Usually we define a quantum system by its interaction with a classical surrounding.
What is the classical surrounding of the whole universe?

K^2

@tom.stoer Agreed. Unfortunately, we don't really have a better description yet. We can talk what happens if we can treat universe as a closed system with a definite Hamiltonian, under assumption that such a field theory even exists. Whether it does exist is a separate question.

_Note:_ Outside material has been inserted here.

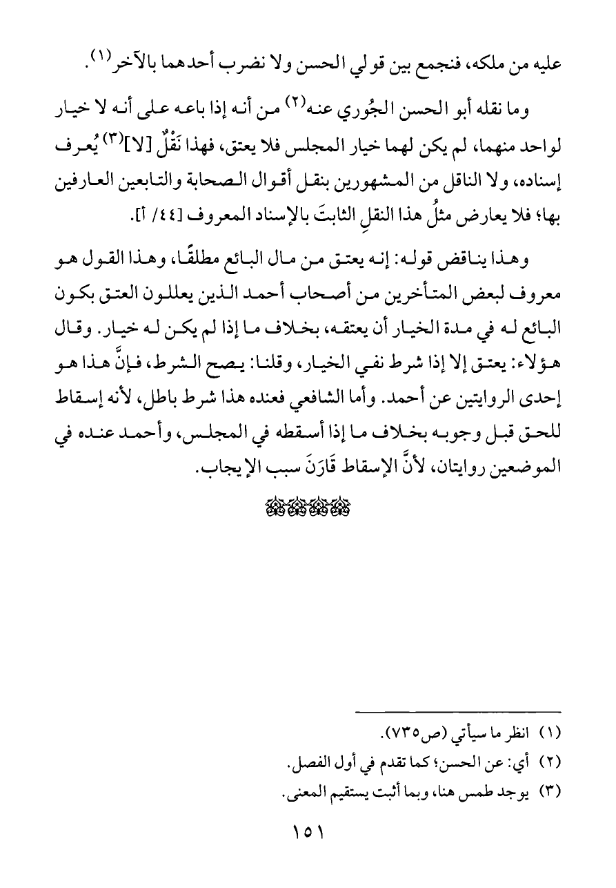 وما نقله أبو الحسن الجُوري عنه (¬٢) من أنه إذا باعه على أنه لا خيار لواحد منهما، لم يكن لهما خيار المجلس فلا يعتق، فهذا نَقْلٌ [لا] (¬٣) يُعرف إسناده، ولا الناقل من المشهورين بنقل أقوال الصحابة والتابعين العارفين بها؛ فلا يعارض مثلُ هذا النقلِ الثابتَ بالإسناد المعروف [٤٤/ أ].

But yes, this is why all the real work is not being done on true closed systems. They are done on partially isolated sub-systems. Hence the golden rule and pretty much the entire stat mech.
Right. In this case, the "nudge" has to be external to the sub-system.

JK423

Are you talking about exact coherent states, involving an infinite (and not finite) number of photons? If that's the case then we would be able to draw infinite energy from such a state by subtracting single photons each time.. wouldn't we?

Demystifier

No, by "coherent superposition" I meant a pure state, as opposed to a mixed state.

Demystifier

I don't think that it is how we usually define a quantum system, although I admit that some pragmatic physicists do prefer to define quantum systems in that way.
Nothing, of course.

Demystifier

H-atom in an excited state is an energy eigenstate of the free-atom Hamiltonian. However, it is not an energy eigenstate of the total Hamiltonian including the interaction with quantum electromagnetic field. This is why this system is unstable.

Demystifier

So where (or when) do we need to discuss collapse, if not here? And can collapse ever transform an eigenstate of Hamiltonian into a non-eigenstate of Hamiltonian?

K^2

If you are talking about pure vs mixed states, that is exactly how you are defining your system. The distinction is only relevant statistically, and that implies an external system.
Excited atom + ground state EM vacuum is still an eigen state of such a system.

But stability is a separate issue. 2p is unstable even in basic Hydrogen atom Hamiltonian. 2p + ε 1s already has dipole moment and will radiate. So a small perturbation will result in decay. That's the definition of instability.

Demystifier

DrDu was talking about a CLASSICAL surrounding, while what you say above refers to a QUANTUM surrounding.

It would be so if there was no interaction term in the Hamiltonian describing atom and EM field. But the interaction term is there, so what you say above is not correct.

Time_

The notion of a closed universe is quite interesting. Demystifier to expand on what you are saying, if energy eigenstates, so the different superpositions of a particle, must evolve into a coherent state, where does all this excess energy from these states go? Our universe,in accordance with things such as Pauli Exclusion can only have on outcome of a solution, and the physical existence of a particle in two different states seems impossible. Could it be that many worlds theory holds valid in that all these different energy eigenstates come together to form an infinite number of possibly universes, each branching from another, as a wave function collapses and the other superpositions become irrelevant to our world?